The call returns "valid" if the key is valid. This is the one call that can be made without the API key subdomain.
ok this is where Im having design difficulties.Akismet request the following;
Quote:
This is basically the core of everything. This call takes a number of arguments and characteristics about the submitted content and then returns a thumbs up or thumbs down. Almost everything is optional, but performance can drop dramatically if you exclude certain elements. I would recommend erring on the side of too much data, as everything is used as part of the Akismet signature.
blog (required)
The front page or home URL of the instance making the request. For a blog or wiki this would be the front page. Note: Must be a full URI, including
Only registered users can see links on this board! Get registered or login to the forums!
user_ip (required)
IP address of the comment submitter.
user_agent (required)
User agent information.
referrer (note spelling)
The content of the HTTP_REFERER header should be sent here.
permalink
The permanent location of the entry the comment was submitted to.
comment_type
May be blank, comment, trackback, pingback, or a made up value like "registration".
comment_author
Submitted name with the comment
comment_author_email
Submitted email address
comment_author_url
Commenter URL.
comment_content
The content that was submitted.
Other server enviroment variables
In PHP there is an array of enviroment variables called $_SERVER which contains information about the web server itself as well as a key/value for every HTTP header sent with the request. This data is highly useful to Akismet as how the submited content interacts with the server can be very telling, so please include as much information as possible.

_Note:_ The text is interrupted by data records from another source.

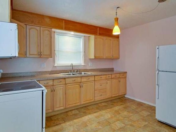 Hardwood floors throughout most of first floor (except kitchen and bathroom). Nice eat-in kitchen with newer appliances. Beautiful privacy-fenced back yard with mature trees. Full unfinished basement with lots of potential. A great starter home and priced just right. Red Front just around the corner!
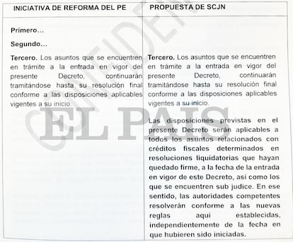La propuesta que llevó la Corte a la consejera jurídica, reflejada en un documento al que ha tenido acceso EL PAÍS, mantenía lo dispuesto por Sheinbaum para la fase de tramitación, pero apuntalaba: aquellos asuntos relacionados con créditos fiscales firmes que estuvieran ya en fase de resolución o ejecución caerían también bajo el paraguas de la nueva reforma, sin necesidad de esperar a un nuevo amparo. Una tercera redacción, que fue la que aprobó finalmente el Senado y que nadie reconoce haber escrito, lleva mucho más lejos la propuesta del Poder Judicial y establece que todos los procesos iniciados, con independencia de en qué fase se encuentren y de qué materia versen, serán tratados conforme a lo estipulado en la nueva reforma. Este salto sobrepasa el marco constitucional, que prohíbe aplicar retroactivamente leyes nuevas en perjuicio de las personas. Fuentes de la presidencia de la Corte aseguran que el texto final no refleja su intención y que es inconstitucional, como han señalado numerosos expertos.
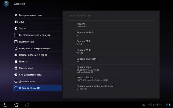 В планшете установлен процессор Nvidia Tegra 2, который позволяет запускать высокотребовательные игры. Увы, игра Spider-Man HD, которая предустановлена в планшете, запросила 250Мб допольнительных данных, а после скачивания отказалась запускаться. В устройстве, в зависимости от комплектации, стоит 512Мб или 1Гб оперативной памяти и 16Гб или 32Гб встроенной SSD памяти. Помимо этого, как я уже говорил, можно расширить память с помощью карт Micro SD. Что касается связи, то 3G здесь нет, но есть стандартные Wi-Fi 802.11n и Bluetooth 2.1. Мало, конечно, но для связи с интернетом и между устройствами хватит. Начинка планшета неплохая, лучше чем у многих устройств такого уровня.
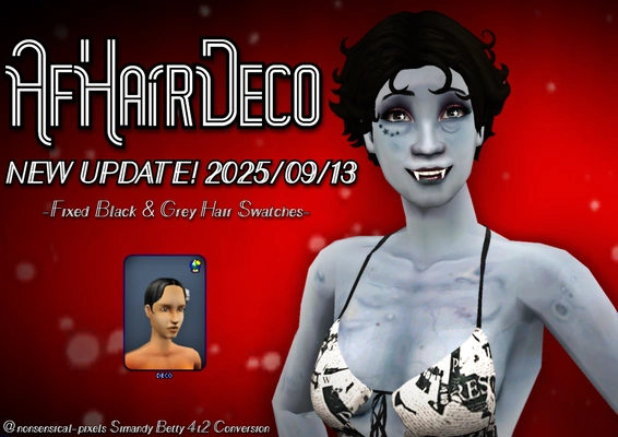 This is afhairdeco replaced with nonsensical-pixels' 4t2 Conversion of Simandy's Betty Hair. The polycount is the same as the original (9592, unanimated). It requires The Sims 2: Open For Business. It has been tested on both The Sims 2: Ultimate Collection and The Sims 2: Legacy Collection. There are no known issues at this time.

This call returns either "true" or "false" as the body content. True means that the comment is spam and false means that it isn't spam. If you are having trouble triggering you can send "viagra-test-123" as the author and it will trigger a true response, always.

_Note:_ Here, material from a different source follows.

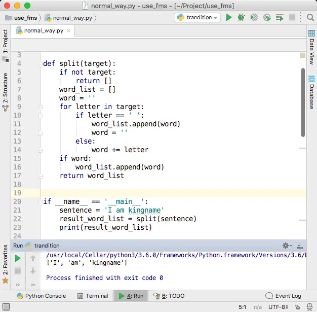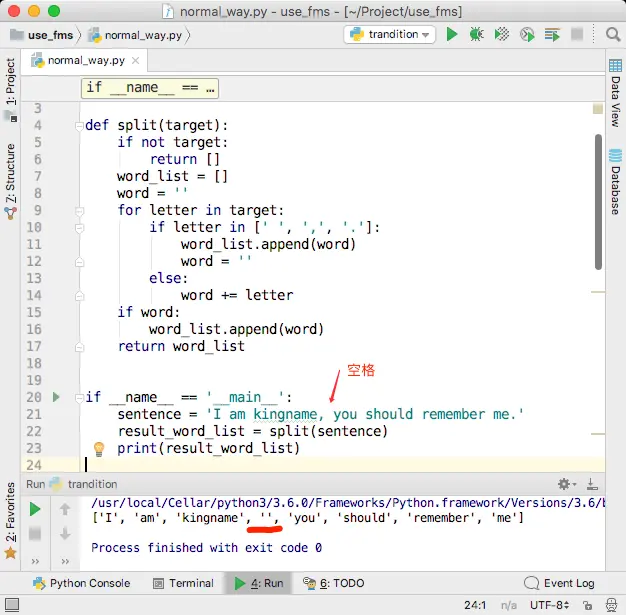 对于只有单词和空格,不含其他符号的英语句子,可以使用空格来切分单词。于是对于句子I am kingname, 一个字符一个字符的进行遍历。首先遍历到I,发现它是一个字母,于是把它存到一个变量word中,然后遍历到空格,于是把变量word的值添加到变量word_list中,再把word清空。接下来遍历到字母a,又把a放到变量word中。再遍历到m,发现它还是一个字母,于是把字母m拼接到变量word的末尾。此时变量word的值为am。再遍历到第二个空格,于是把word的值添加到word_list中,清空word。
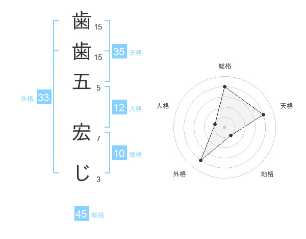 歯歯五 宏じさんを姓名の画数から五運を鑑定

Idea: - use function akismet_prepare_comment_data to prepare the data like user ip, referrer, username etc, the function also checks if a user is registered and inserts some info automatically. We could then send the data via the function rnAkismet_comment_check.The $slink would be the link to the particular content. e.g. if you were looking at a news article here
article1.html
or probably more like
article.html'.$sid.'
The function;
Code:
function akismet_prepare_comment_data($sAuthor = 'Anonymous', $sEmail = '', $sLink, $sComment) {
global $user;
if (is_user($user)) {
$userinfo = getusrinfo($user);
} else {
$userinfo = '';
}
// Prepare data that is common to nodes/comments.
$comment_data = array();
// IP address of the comment submitter.
$comment_data['user_ip'] = $_SERVER['REMOTE_ADDR'];
// User agent information of the comment submitter.
$comment_data['user_agent'] = $_SERVER['HTTP_USER_AGENT'];
// The content of the HTTP_REFERER header should be sent here.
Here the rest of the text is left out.